Problem requirements:
Give back each entry word for word, but drop the images.

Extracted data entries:
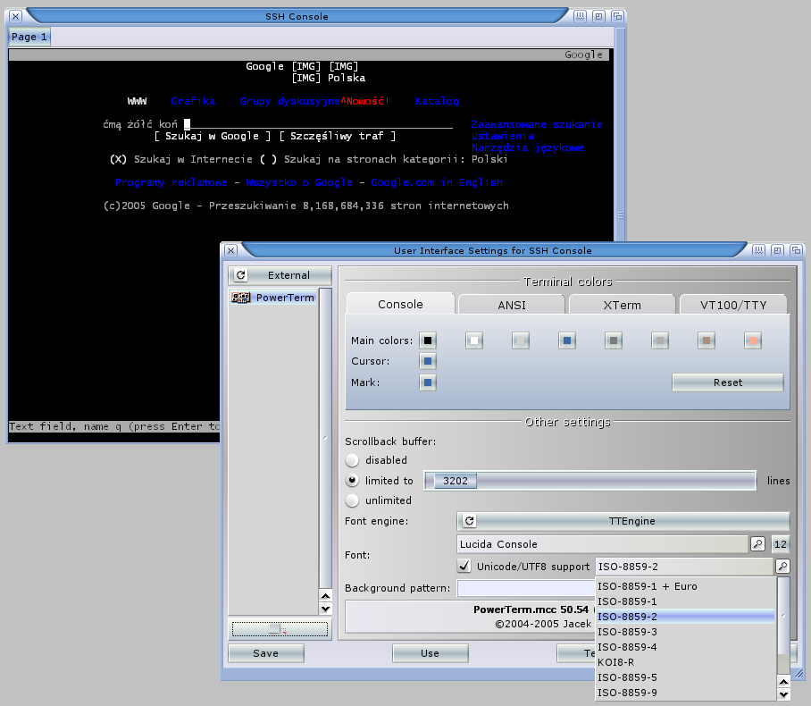 PowerTerm's UTF input/output support in action!
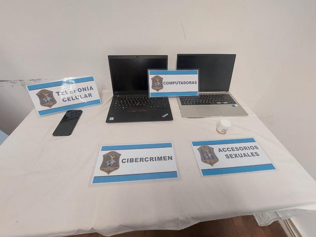 La policía realizó un allanamiento en su vivienda, donde se incautaron dos notebooks, un teléfono celular y un recipiente de vaselina, elementos que podrían ser relevantes para el caso.
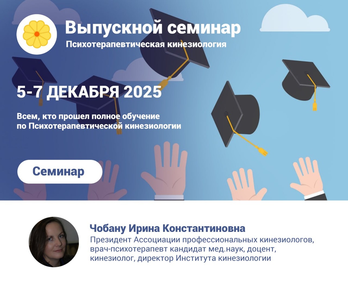 Дорогие друзья!🌿 Всех, кто прошёл полное обучение по Психотерапевтической кинезиологии приглашаем на выпускной семинар, который пройдёт с 5 по 7 декабря 2025 года💫 ✅ Этот семинар завершает полный курс обучения по Психотерапевтической кинезиологии ☝️ На этом семинаре мы обсудим особенности работы кинезиолога, подводные камни частной практики 💫 Семинар нацелен на выпуск успешных благополучных специалистов в кинезиологии Подробнее о семинаре можно узнать в личных сообщениях группы ВК или по ссылке - https://kinesioportal.ru/events/2528/8823.php
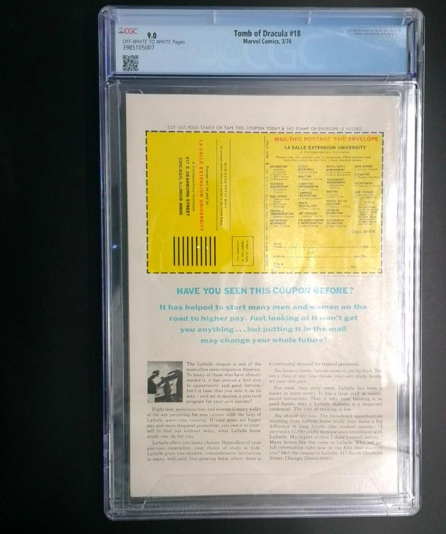 Keywords: Tomb of Dracula Marvel Comics horror comics CGC 9.0 Bronze Age vampire mythology Gene Colan Tom Palmer supernatural horror collectible comics
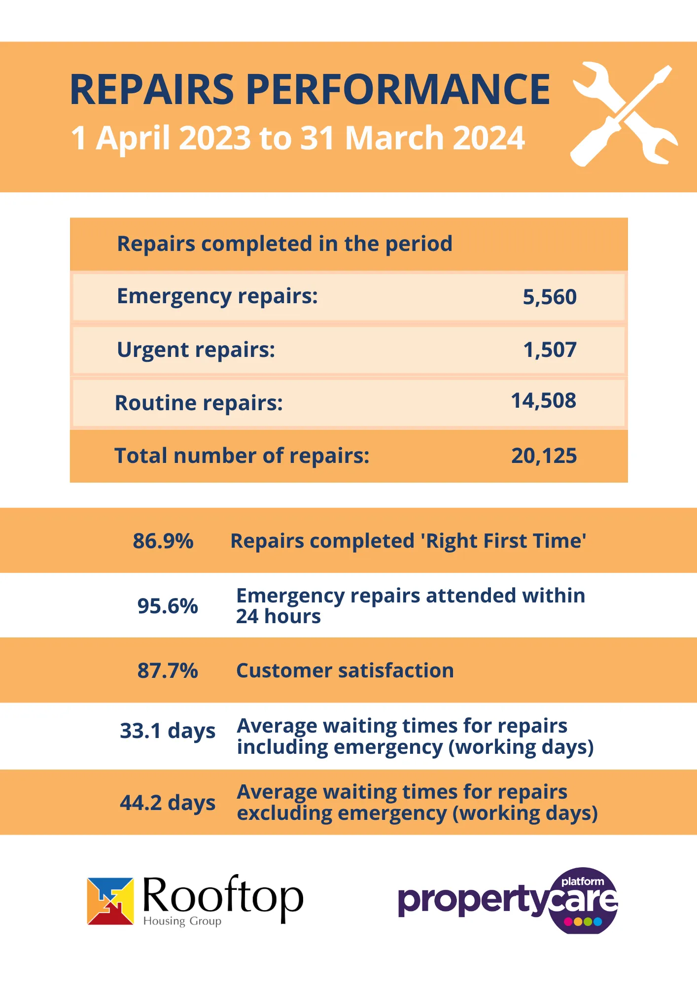 In the past 12 months up to 31 March, we carried out 20,125 repairs. This is more than 1,000 than previous years, and is why waiting times were longer than we had hoped.
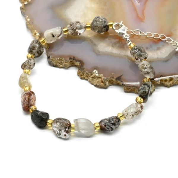 Браслет из рутилового кварца (волосатик) галтовка 6*5-7*8мм, 17см
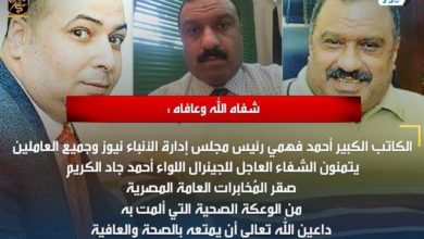 الأنباء نيوز تتتمنى الشفاء العاجل لـ اللواء أحمد جاد الكريم صقر المخابرات العامة المصرية
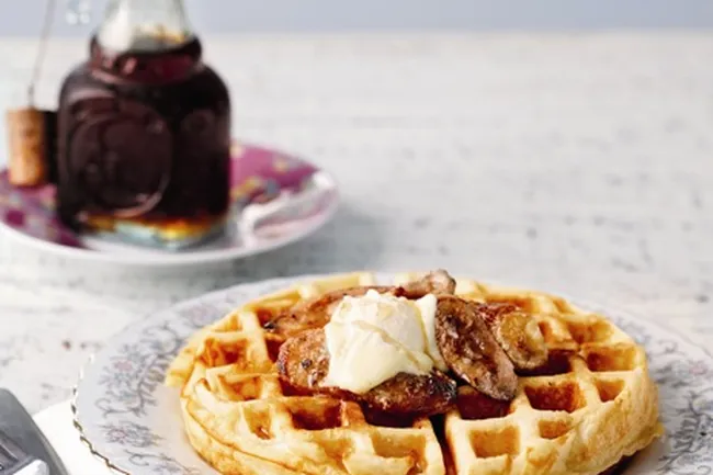 5.Включите электрическую вафельницу, смажьте маслом и заполните тестом. Готовьте вафли по инструкции вашей вафельницы до румяного цвета. Выложите вафли на блюдо, накройте фольгой, чтобы не остыли.
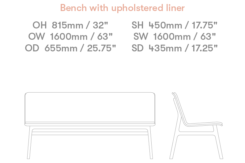 1600mm Bench with upholstered seat liner
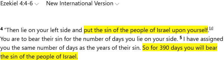 Also, Ezekiel is said to “bear the sins” of Israel! Ezekiel definitely didn’t die for anyone’s sins, rather this was a symbolic gesture to represent Israel’s punishment.
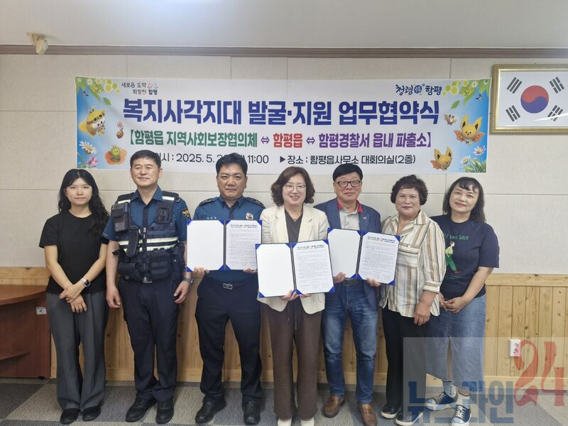 함평군은 22일 “함평읍과 함평경찰서 읍내파출소(소장 정제명), 함평읍 지역사회보장협의체(민간위원장 김행구)가 지난 20일 복지사각지대 발굴 및 지원 강화를 위해 업무협약을 체결했다”고 밝혔다.
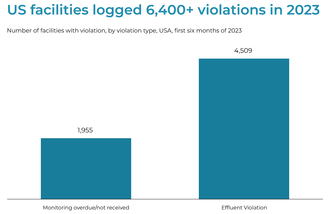 For each facility, we keep track of which compounds it may discharge, how much and into which recipients. We also keep track of compliance and violation history, all easily searchable
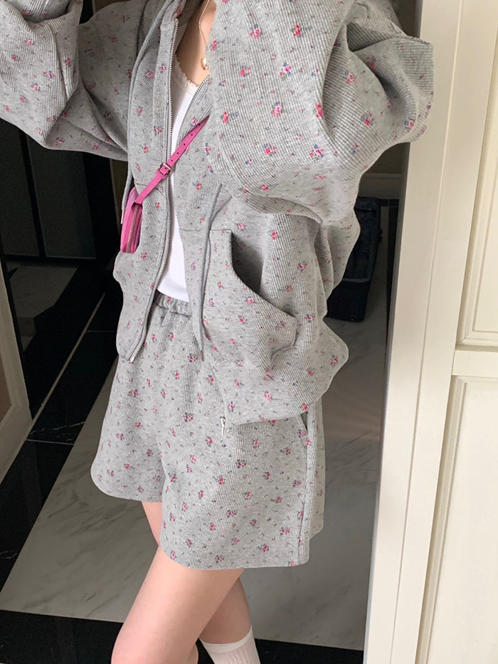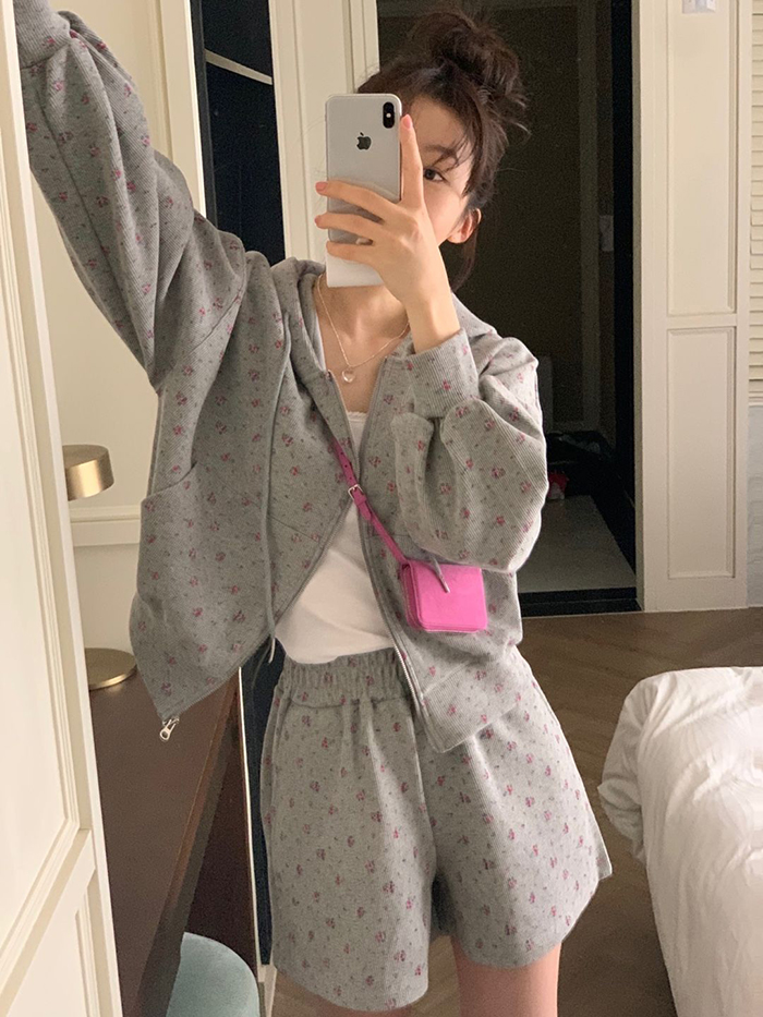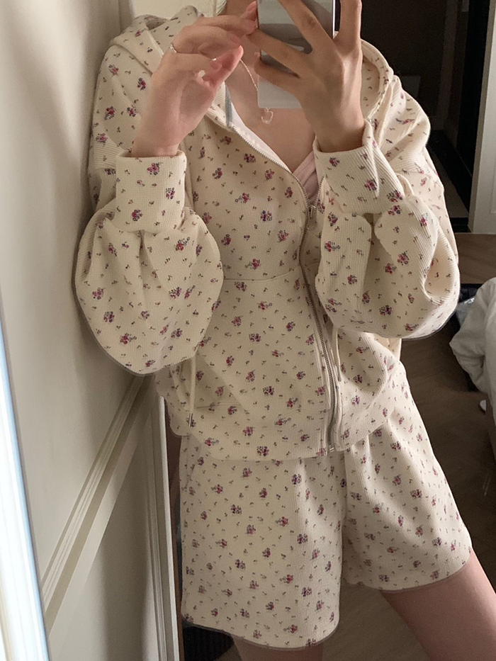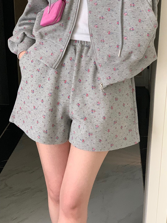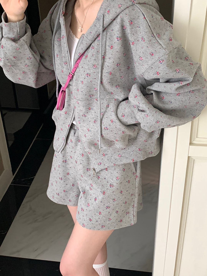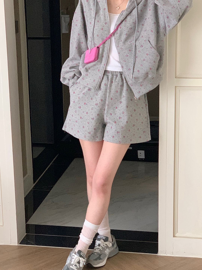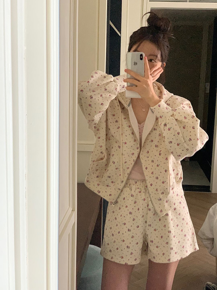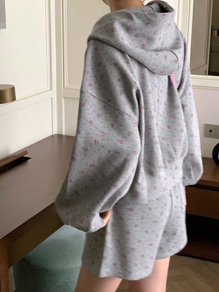 SIZE후드집업Free : 가슴 116~ / 소매 51 / 총길이 57 cm팬츠Free 55 : 허리(밴딩) 58~ / 총길이 40 cmFABRIC폴리, 스판신축성보통 / 두께감보통 / 비침없음초반 드라이클리닝 권장
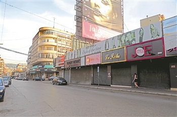 5月13日,在黎巴嫩首都贝鲁特,一名行人走过暂停营业的店铺。
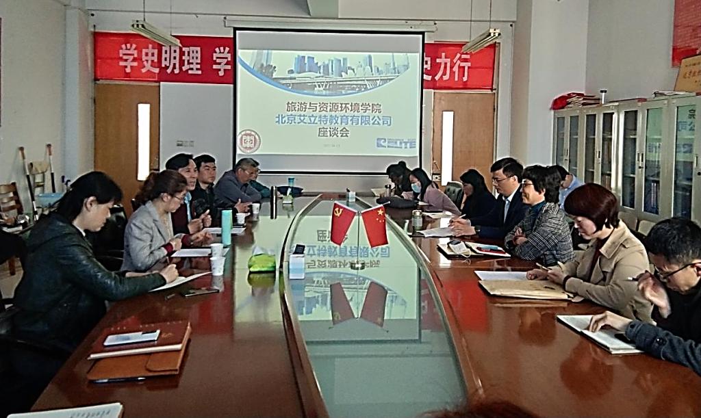 为加强专业建设和提高Beat365中文官方网站国际化办学水平,4月13日下午Beat365中文官方网站邀请北京艾立特教育有限公司总经理谢龙飞、国际部部长张琦、驻校代表生敏、华振华经理一行来院商谈专业建设等事宜,院长王满堂、旅游与酒店教研室专任教师、各班班主任和辅导员参加了座谈会。
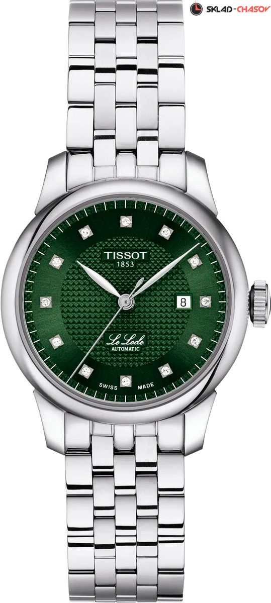 Женские наручные часы Le Locle Automatic. В механизме 24 камня. Запас хода 48 часов. Круглый стальной корпус. Циферблат с метками в виде точек, украшенных бриллиантами. Листовидные стрелки в стиле Feuille. Окошко даты находится в положении 3 часа. Рифленая заводная головка. Прозрачная задняя крышка. Стальной браслет с раскладывающейся застежкой.
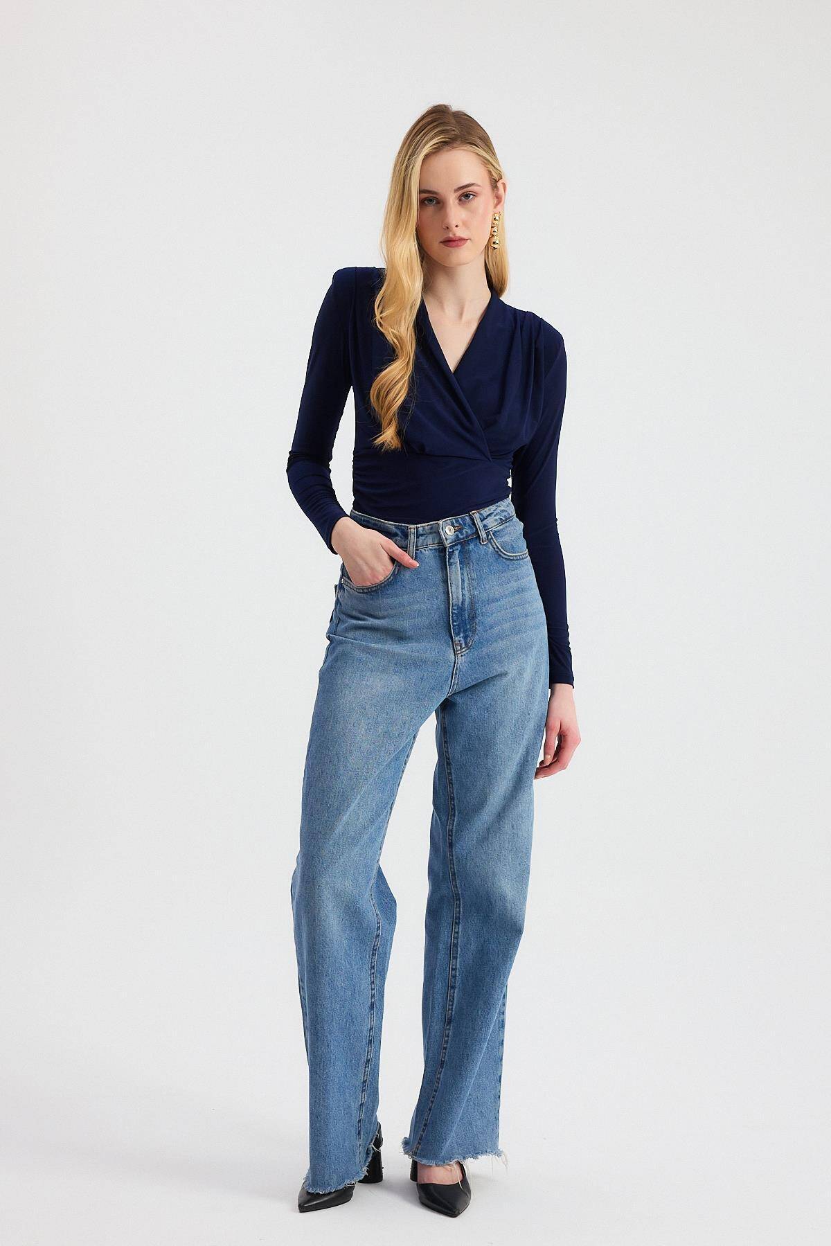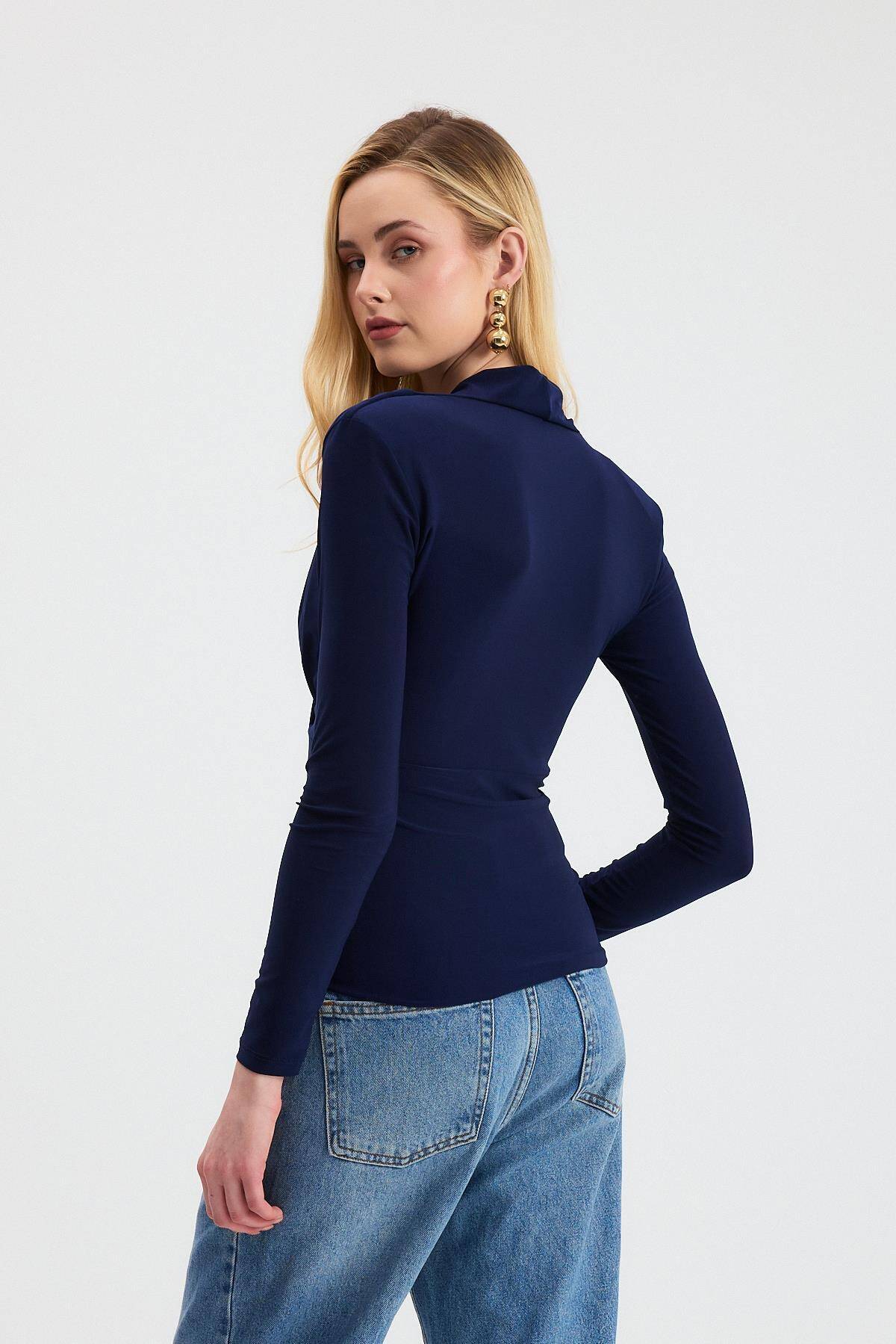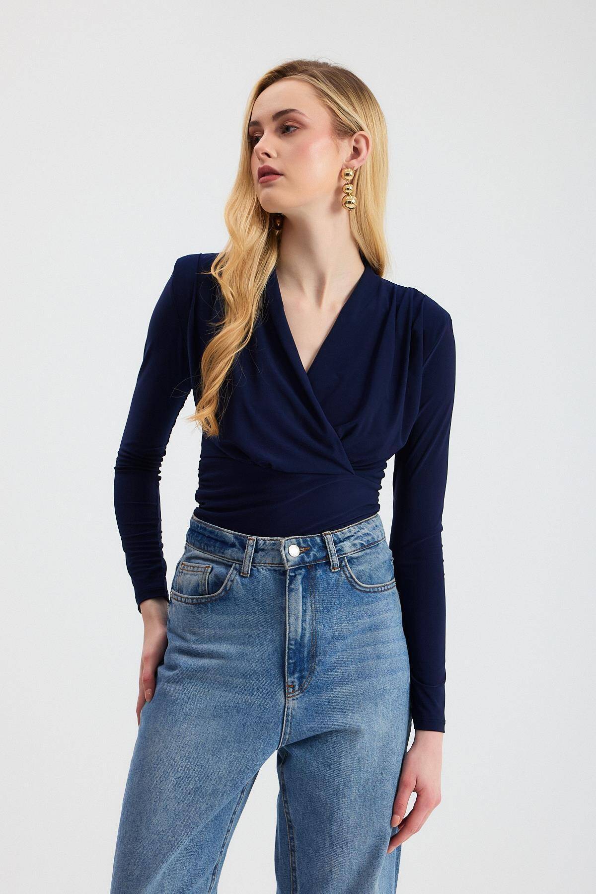 9256 Kruvaze Yaka Vatkalı Bluz Laci

Task output:
 PowerTerm's UTF input/output support in action!
 La policía realizó un allanamiento en su vivienda, donde se incautaron dos notebooks, un teléfono celular y un recipiente de vaselina, elementos que podrían ser relevantes para el caso.
 Дорогие друзья!🌿 Всех, кто прошёл полное обучение по Психотерапевтической кинезиологии приглашаем на выпускной семинар, который пройдёт с 5 по 7 декабря 2025 года💫 ✅ Этот семинар завершает полный курс обучения по Психотерапевтической кинезиологии ☝️ На этом семинаре мы обсудим особенности работы кинезиолога, подводные камни частной практики 💫 Семинар нацелен на выпуск успешных благополучных специалистов в кинезиологии Подробнее о семинаре можно узнать в личных сообщениях группы ВК или по ссылке - https://kinesioportal.ru/events/2528/8823.php
 Keywords: Tomb of Dracula Marvel Comics horror comics CGC 9.0 Bronze Age vampire mythology Gene Colan Tom Palmer supernatural horror collectible comics
 In the past 12 months up to 31 March, we carried out 20,125 repairs. This is more than 1,000 than previous years, and is why waiting times were longer than we had hoped.
 Браслет из рутилового кварца (волосатик) галтовка 6*5-7*8мм, 17см
 الأنباء نيوز تتتمنى الشفاء العاجل لـ اللواء أحمد جاد الكريم صقر المخابرات العامة المصرية
 5.Включите электрическую вафельницу, смажьте маслом и заполните тестом. Готовьте вафли по инструкции вашей вафельницы до румяного цвета. Выложите вафли на блюдо, накройте фольгой, чтобы не остыли.
 1600mm Bench with upholstered seat liner
 Also, Ezekiel is said to “bear the sins” of Israel! Ezekiel definitely didn’t die for anyone’s sins, rather this was a symbolic gesture to represent Israel’s punishment.
 함평군은 22일 “함평읍과 함평경찰서 읍내파출소(소장 정제명), 함평읍 지역사회보장협의체(민간위원장 김행구)가 지난 20일 복지사각지대 발굴 및 지원 강화를 위해 업무협약을 체결했다”고 밝혔다.
 For each facility, we keep track of which compounds it may discharge, how much and into which recipients. We also keep track of compliance and violation history, all easily searchable
 SIZE후드집업Free : 가슴 116~ / 소매 51 / 총길이 57 cm팬츠Free 55 : 허리(밴딩) 58~ / 총길이 40 cmFABRIC폴리, 스판신축성보통 / 두께감보통 / 비침없음초반 드라이클리닝 권장
 5月13日,在黎巴嫩首都贝鲁特,一名行人走过暂停营业的店铺。
 为加强专业建设和提高Beat365中文官方网站国际化办学水平,4月13日下午Beat365中文官方网站邀请北京艾立特教育有限公司总经理谢龙飞、国际部部长张琦、驻校代表生敏、华振华经理一行来院商谈专业建设等事宜,院长王满堂、旅游与酒店教研室专任教师、各班班主任和辅导员参加了座谈会。
 Женские наручные часы Le Locle Automatic. В механизме 24 камня. Запас хода 48 часов. Круглый стальной корпус. Циферблат с метками в виде точек, украшенных бриллиантами. Листовидные стрелки в стиле Feuille. Окошко даты находится в положении 3 часа. Рифленая заводная головка. Прозрачная задняя крышка. Стальной браслет с раскладывающейся застежкой.
 9256 Kruvaze Yaka Vatkalı Bluz Laci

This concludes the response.